Oravel Stays, parent of Oyo has written to the market regulator refuting all the allegations made by Zostel Hospitality. Zostel had written to the Securities and Exchange Board of India (Sebi) to reject Oyo’s draft red herring proposal.
In a letter to Zostel that Business Standard has viewed, Oyo said: “We deny in toto all the allegations levelled by you against us in the Complaint.
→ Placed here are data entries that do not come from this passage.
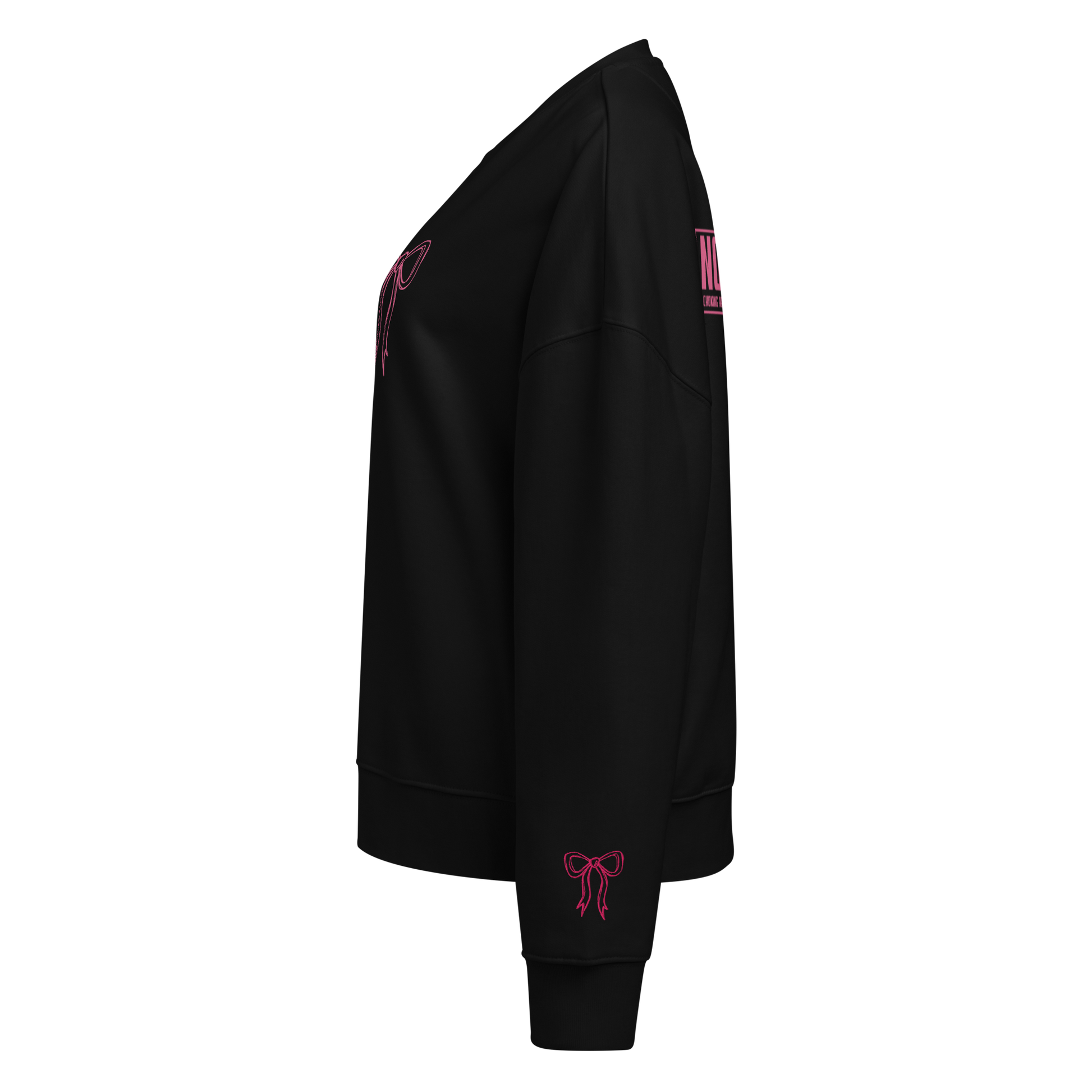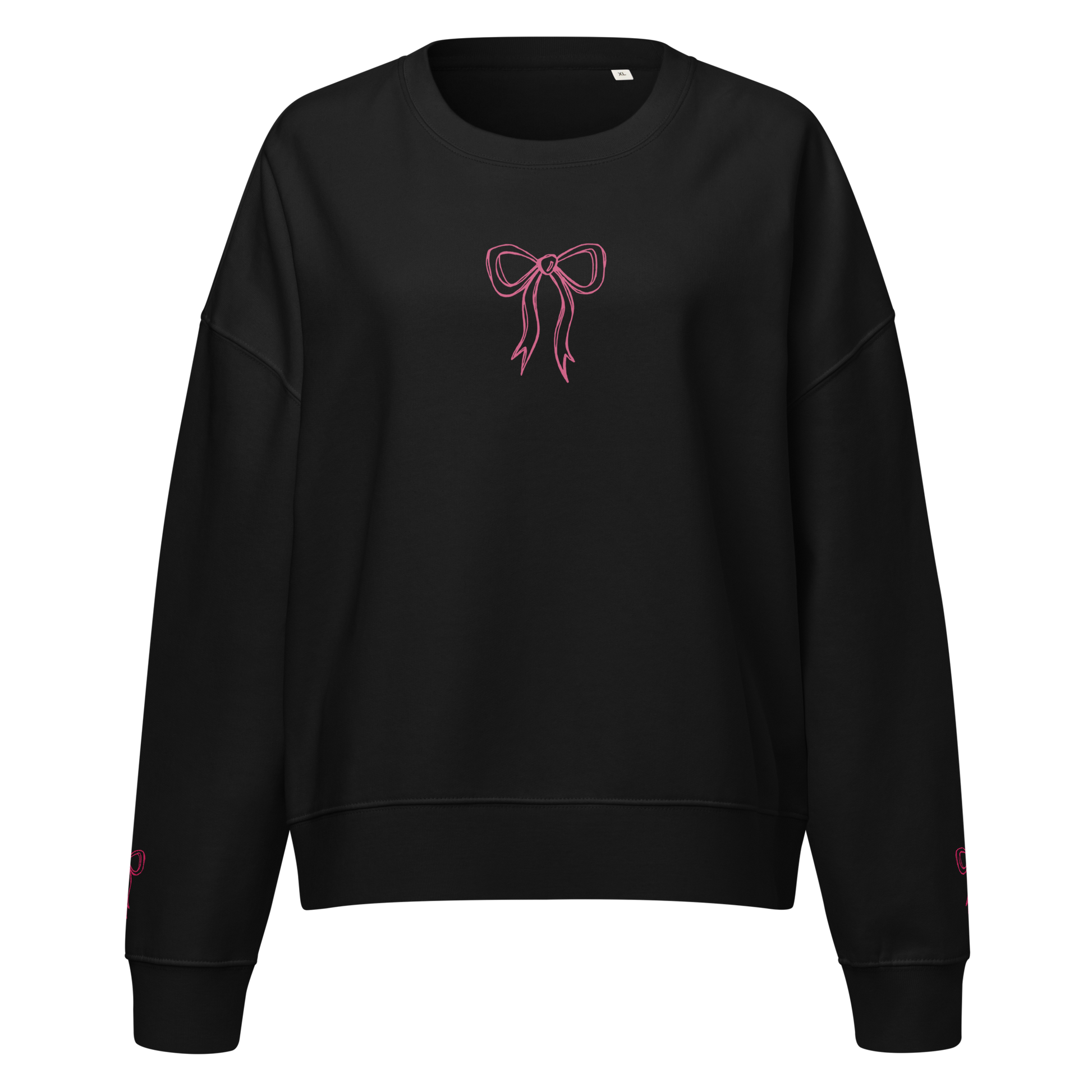 This in-house designed sweatshirt is part of the TOY collection. Hot pink bows printed on the chest and embroidered on the sleeves add a subtle pop of color, while the back features a warning label graphic: "NOT A TOY. CHOKING HAZARD. KEEP OUT OF REACH OF CHILDREN." It's a statement piece—unapologetic and direct. Organic cotton construction keeps it breathable and all-day wearable.
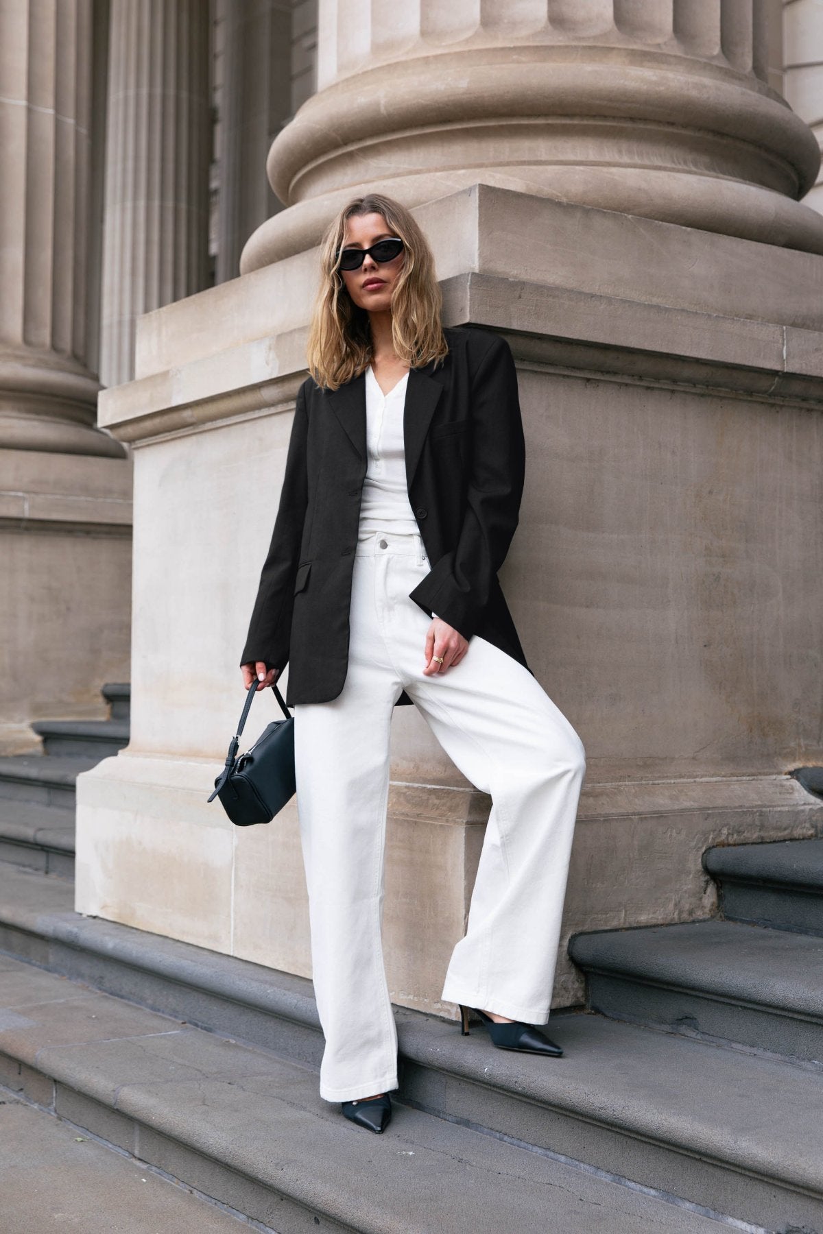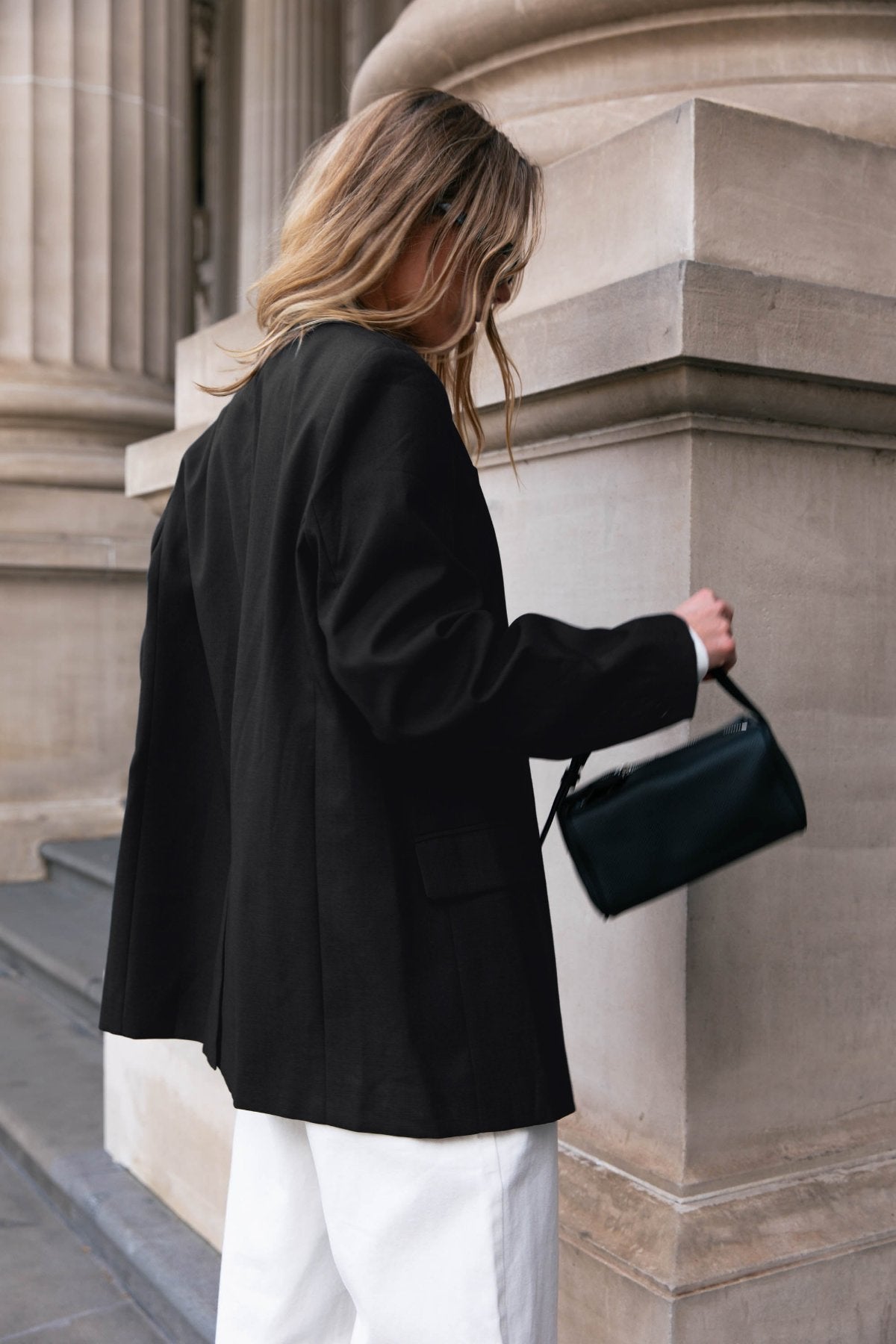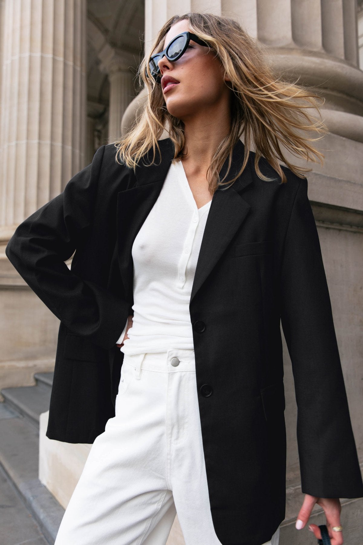 The Tailored Blazer in classic black features boxy silhouette, back vent, and slightly exaggerated shoulders for the perfect boyfriend blazer fit.
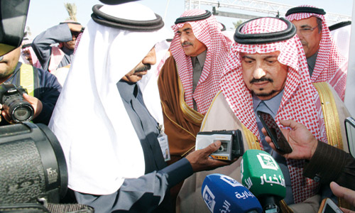 وكان سموه قد وصل إلى مكان الاحتفال حيث كان في استقباله معالي وزير الشؤون البلدية والقروية معالي المهندس عبداللطيف آل الشيخ ومعالي أمين منطقة الرياض المهندس إبراهيم السلطان ومدير شرطة منطقة الرياض اللواء سعود الهلال ومدير مرور الرياض لواء الدكتور محمد شباب البقمي ووكلاء الأمانة ومديرو الإدارات وعدد من رؤساء البلديات والشيخ سليمان محمد السلمان العضو المنتدب لشركة شبه الجزيرة للمقاولات والشيخ مراد السليمان نائب الرئيس التنفيذي وعدد من المسؤولين في الشركة.
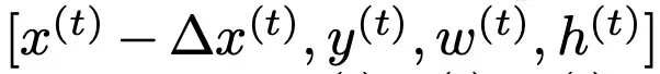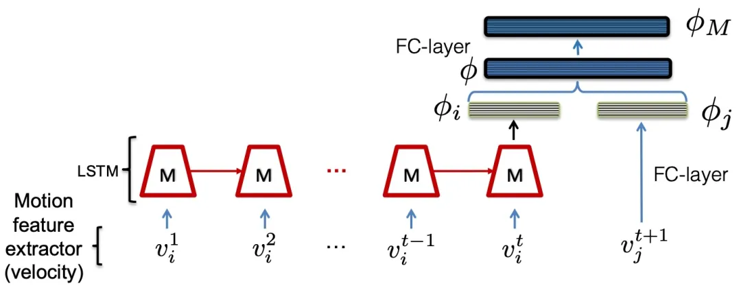 图10 运动模型,输入是目标的二维速度(在图像平面上)。输出是一个特征向量φM,用于编码速度v_{j}^{t+1}是否对应于真实轨迹v_{i}^{1}, v_{i}^{2}, .... , v_{i}^{t}
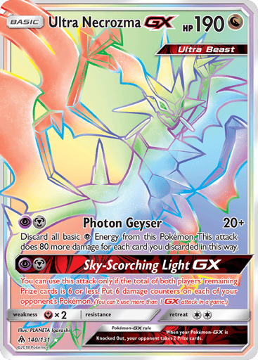 "Forbidden Light" is the sixth main expansion of the Pokémon Trading Card Game's Sun & Moon series, released in English on May 4, 2018. The expansion features 131 standard cards and 15 secret cards, introducing new mechanics and Pokémon, including Ultra Necrozma-GX and notable cards like Dialga-GX and Greninja-GX, enhancing gameplay strategies with Generation VII Pokémon.
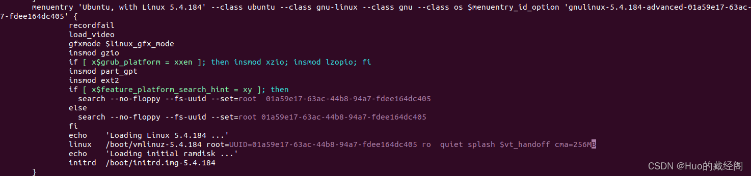 x86 ubuntu默认CMA是关闭的,如果要配置需要修改/boot/grub/grub.cfg文件,查找到对应启动内核版本在命令启动参数添加cma参数,设在cma are大小为256MB

The Complaint is replete with patently false statements and self-serving half-truths, and is a deplorable attempt to adversely impact the proposed Offer and coerce the Company into granting Zostel's shareholders an entitlement to shareholding in the company that they failed to obtain in the arbitration proceedings between Zostel, its founders and shareholders and the company and the arbitral award dated March 6, 2021, issued by the sole arbitrator, Justice A M Ahmadi (Retd)."
On October 11, Zostel has written to Sebi and said "the IPO is non-maintainable as Oravel's capital structure is not final."
In the response to Zostel, Oyo further stated, “The capital structure of the company is firm and accurately reflectied in the DRHP. As of date there are no shares to be issues to Zostel’s shareholders as the Award does not direct issuance of the company’s shares to the shareholders of Zostel.”
The root of the dispute between the two parties lies in a failed buyout deal six years ago, which Zostel claims was binding on Oyo.
Oyo mentions in the letter that both the parties—Oyo & Zostel—had mutually agreed to terminate the agreement. “…terminated by Zostel pursuant to email dated September 17, 2016 and agreed to by the company pursuant to email dated September 19, 2016. Both parties commenced negotiations on new terms, which were never finalised."
Zostel confirmed the receipt of the letter. It did not immediately respond to a request for comment.